_Exercise requirements_
Print the listing below only from the line that has "Neun Gewichte aus" through the line that has "Professional builder in", exactly, and drop any picture.

Source material Block Start

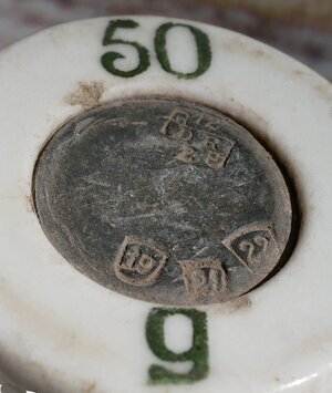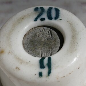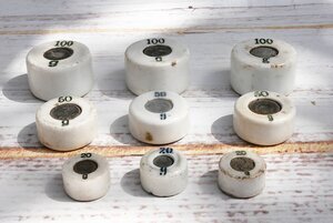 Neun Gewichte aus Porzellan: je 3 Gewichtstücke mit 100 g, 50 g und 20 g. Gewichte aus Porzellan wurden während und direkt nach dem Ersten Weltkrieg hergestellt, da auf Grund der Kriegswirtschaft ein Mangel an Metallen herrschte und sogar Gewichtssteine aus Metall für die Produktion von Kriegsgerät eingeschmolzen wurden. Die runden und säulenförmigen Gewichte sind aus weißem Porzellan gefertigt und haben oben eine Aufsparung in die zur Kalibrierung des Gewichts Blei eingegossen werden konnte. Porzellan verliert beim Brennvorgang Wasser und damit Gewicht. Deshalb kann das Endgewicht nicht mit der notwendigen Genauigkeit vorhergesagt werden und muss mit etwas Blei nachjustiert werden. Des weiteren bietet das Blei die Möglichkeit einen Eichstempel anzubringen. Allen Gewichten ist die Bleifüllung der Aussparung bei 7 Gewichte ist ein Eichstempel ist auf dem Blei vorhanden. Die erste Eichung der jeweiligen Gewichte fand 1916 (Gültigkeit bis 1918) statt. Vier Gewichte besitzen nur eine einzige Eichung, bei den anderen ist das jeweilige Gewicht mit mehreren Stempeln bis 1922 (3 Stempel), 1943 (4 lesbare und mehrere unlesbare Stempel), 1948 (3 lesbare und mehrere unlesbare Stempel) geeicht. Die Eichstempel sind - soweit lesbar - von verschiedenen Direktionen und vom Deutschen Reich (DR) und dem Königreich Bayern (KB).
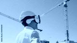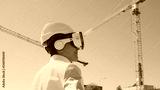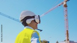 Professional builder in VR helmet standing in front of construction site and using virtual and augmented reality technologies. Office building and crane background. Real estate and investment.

Source material Block End
Source material Block Start

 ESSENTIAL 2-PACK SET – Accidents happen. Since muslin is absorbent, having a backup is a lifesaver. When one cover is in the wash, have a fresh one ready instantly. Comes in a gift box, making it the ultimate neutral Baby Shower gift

Source material Block End

_Task output_
 Neun Gewichte aus Porzellan: je 3 Gewichtstücke mit 100 g, 50 g und 20 g. Gewichte aus Porzellan wurden während und direkt nach dem Ersten Weltkrieg hergestellt, da auf Grund der Kriegswirtschaft ein Mangel an Metallen herrschte und sogar Gewichtssteine aus Metall für die Produktion von Kriegsgerät eingeschmolzen wurden. Die runden und säulenförmigen Gewichte sind aus weißem Porzellan gefertigt und haben oben eine Aufsparung in die zur Kalibrierung des Gewichts Blei eingegossen werden konnte. Porzellan verliert beim Brennvorgang Wasser und damit Gewicht. Deshalb kann das Endgewicht nicht mit der notwendigen Genauigkeit vorhergesagt werden und muss mit etwas Blei nachjustiert werden. Des weiteren bietet das Blei die Möglichkeit einen Eichstempel anzubringen. Allen Gewichten ist die Bleifüllung der Aussparung bei 7 Gewichte ist ein Eichstempel ist auf dem Blei vorhanden. Die erste Eichung der jeweiligen Gewichte fand 1916 (Gültigkeit bis 1918) statt. Vier Gewichte besitzen nur eine einzige Eichung, bei den anderen ist das jeweilige Gewicht mit mehreren Stempeln bis 1922 (3 Stempel), 1943 (4 lesbare und mehrere unlesbare Stempel), 1948 (3 lesbare und mehrere unlesbare Stempel) geeicht. Die Eichstempel sind - soweit lesbar - von verschiedenen Direktionen und vom Deutschen Reich (DR) und dem Königreich Bayern (KB).
 Professional builder in VR helmet standing in front of construction site and using virtual and augmented reality technologies. Office building and crane background. Real estate and investment.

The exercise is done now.